Initiative 594, which passed with 60 percent of the vote, mandates background checks on all gun sales and transfers, including at gun shows and online. The measure makes exceptions for weapons transferred within families and for the purchase of antique guns.
The passage of I-594 closely follows the Oct. 24 shooting at Marysville-Pilchuck High School in Marysville, Washington, that left four students dead, including the shooter, and three more injured.
As has been the case with previous mass shootings, public support for stricter gun laws increased in the week following the Marysville shooting, according to a survey conducted by local PBS affiliate KCTS-9. At the same time, the poll showed an increase in the percentage of voters who said they would oppose new background checks, suggesting that the shooting galvanized public opinion on both sides.
The increased opposition in some quarters to expanded background checks may have been due in part to the presence of Initiative 591, a competing measure, on the ballot. I-591 would have loosened gun laws by prohibiting background checks on gun purchases unless required by federal law. Washington residents ultimately rejected the measure, with more than 54 percent voting against it according to early returns.

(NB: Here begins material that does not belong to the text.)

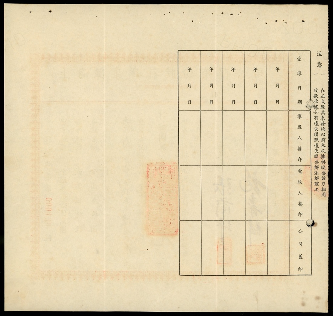 Shanghai Zikang Bank, a payment receipt of $1000 for 100 shares, Year 37 (1938), serial number 000139, extremely fine with staple holes

Groups on both sides of the background checks issue poured considerable money into the state in the hopes of swaying voters in their direction. The National Rifle Association spent approximately $450, 000 trying to defeat I-594, with its chief lobbyist even invoking a Nazi Germany analogy to characterize the closure of the gun show loophole.
Everytown for Gun Safety, the organization founded by former New York City Mayor Michael Bloomberg, invested a whopping $4 million into promoting I-594. John Feinblatt, the group's president, pointed out last week that Washington was "the only place in the country where voters will cast an up-or-down vote" this cycle on background checks.